Affected hosts were running a kernel having this bug: https://bugs.launchpad.net/ubuntu/+source/linux/+bug/1346917 which was found by investigating the symptoms reported at https://bugs.launchpad.net/ubuntu/+source/linux/+bug/1307473 on comparable Precise->Trusty upgrades.

Timeline

prehistory

  • There are six new labs virtualization boxes, labvirt1001-1006. They run the same hardware as old, tried-and-true nodes virt1010, 1011 and 1012. virt1010 and 1011 are running Ubuntu Precise, virt1012 is running Trusty with 3.13.0-46 kernel.

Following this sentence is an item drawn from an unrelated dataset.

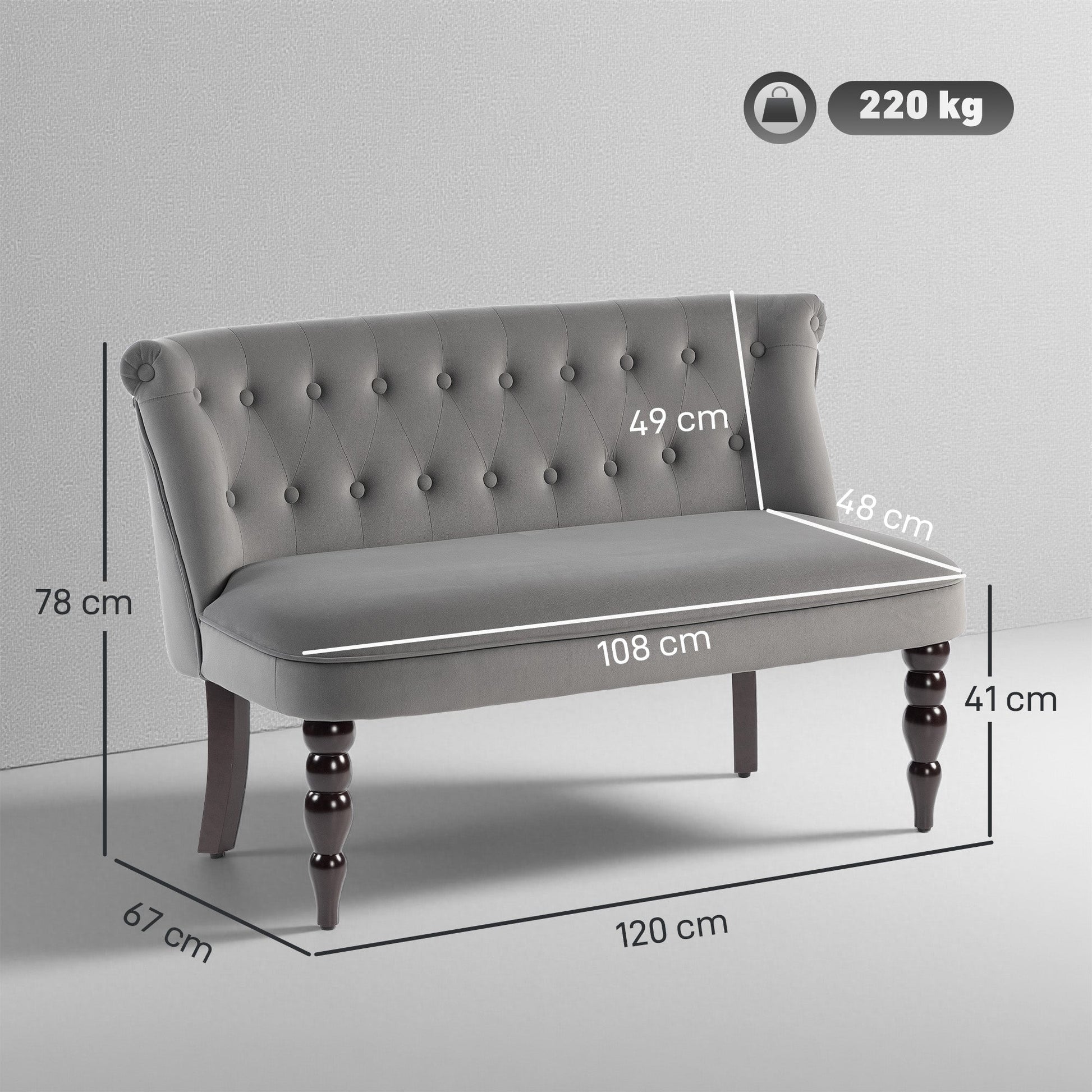 HOMCOM Velvet 2 Seater Sofa, Button Tufted Wingback Loveseat with Rubber Wood Legs for Living Room, Bedroom, Charcoal Grey

The new nodes use a stock install of Trusty, kernel version 3.13.0-24.
  • Andrew migrates select instances to the new labvirt hardware. Projects 'openstack,' 'testlabs,' and a few miscellaneous instances are moved to the hardware. No ill-effects are observed.

2015-04-20

  • Andrew migrates the 'cvn' and 'staging' projects to labvirt hosts.

2015-04-21

  • Andrew runs a scripted migration of the deployment-prep project to labvirt hosts. This is the first large-scale migration to the new hardware.

2015-04-22

  • [02:00] Shinken starts to send many, many alerts to #wikimedia-releng, reporting deployment hosts to be flapping. Page loads fail intermittently.
  • [12:30] Andrew wakes up, begins a scripted migration of Tools instances to the labvirt hardware.
  • [13:00] Andrew converses with Tyler Cipriani and becomes aware of the deployment-prep issues, starts debugging in earnest.
  • [15:00] By this time it's clear that the issue is localized to instances on labvirt hardware. Scripted migration of tools is halted.
  • [16:30] The first working theory is that there's a competition for resources on labvirt1005 and 1006, as instances on those hosts are sending the most alerts. Ganglia graphs are spiky and concerning and most instances on those hosts are unresponsive, so Andrew reboots them. Symptoms are temporarily alleviated
  • [18:00] It's clear now that reboots were insufficient and we still have issues, including on labvirt1001-1004.
  • [20:00] Alex Monk notes that ping times are very irregular; sometimes jumping to multiple seconds. Andrew confirms that this issue is also isolated to instances on labvirt hosts. Marc joins the debug effort.
  • [21:00] Marc notices clock drift on instances, quickly locates a kernel bug that fits. https://bugs.launchpad.net/ubuntu/+source/linux/+bug/1307473
  • [21:15] It's agreed to try a kernel upgrade. Andrew starts migrating tools hosts away from labvirt1001 so it can be restarted without causing further interruption.
  • [21:45] Andrew upgrade the kernel of labvirt1001 to 3.16.0-34, reboots. The instance fails to start as it is unable to mount the filesystem,
  • [22:30] labvirt1001 is finally back up, running kernel 3.13.0-48. Instances seem to be running properly. Andrew migrates tools nodes away from labvirt1002.
  • [23:45] Andrew upgrades labvirt1002 to 3.13.0-48, reboots, restarts all instances.

2015-04-23

  • [14:00] labvirt1001 and labvirt1002 are declared healthy. Andrew migrates tools hosts away from 1003-1006, Marc drains jobs from affected tools-exec nodes.
  • [14:24] labvirt1006 upgraded and rebooted
  • [15:08] labvirt1005 upgraded and rebooted
  • [15:42] labvirt1003 upgraded and rebooted
  • [16:06] labvirt1004 upgraded and rebooted
  • [16:30] All labvirt hosts up, all instances running.

Actionables

(Use https://phabricator.wikimedia.org/tag/incident-20150422-labsoutage/ for any follow up tasks)

All labvirt nodes are now upgraded and fine. When the other HP systems (virt1010, 1011, 1012) are re-imaged, it's critical that a dist-upgrade and reboot be run before any instances are migrated to them.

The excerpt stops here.